I find that most people (some you’d even consider sophisticated, learned, savvy, professional) do not understand how a lender decides if someone qualifies for a mortgage or not, or what they qualify for. Most people are under the false assumption that since they make X amount of dollars, they should automatically qualify at a lender’s best rate.

Sitting down with a mortgage broker and figuring out exactly what you can afford and what a bank may qualify you for saves a lot of headache as you go along looking for a place to buy. A good mortgage broker can tell you the maximum you would be able to qualify for and give you a really good idea of the kind of an offer a lender may wish to extend you.

There are a lot of variables - chief among them is your debt load and credit rating. Making $10,000 a month is not going to automatically qualify you for a mortgage for an amount you wish for, at a rate that is really low, for a term that makes absolutely no sense for the lender (say a 1 year term) and at low payments.
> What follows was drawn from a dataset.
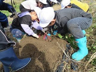ツルを切り、シャベルでイモを傷つけないように気をつけながら探します。見つけたら手で土をかき分けていきます。

Then there is the question of your credit and the amount of down payment you may have. If your credit is bad, you aren’t getting a mortgage at a low rate. If you have anything less than 20% as down payment, you really are not in a good position to negotiate with the lender, especially in the current financial market.

And a little bit of patience and logic goes a long way. Think about it - would you really look to invest a large chunk of money, take a risk while doing so and expect little to nothing in return?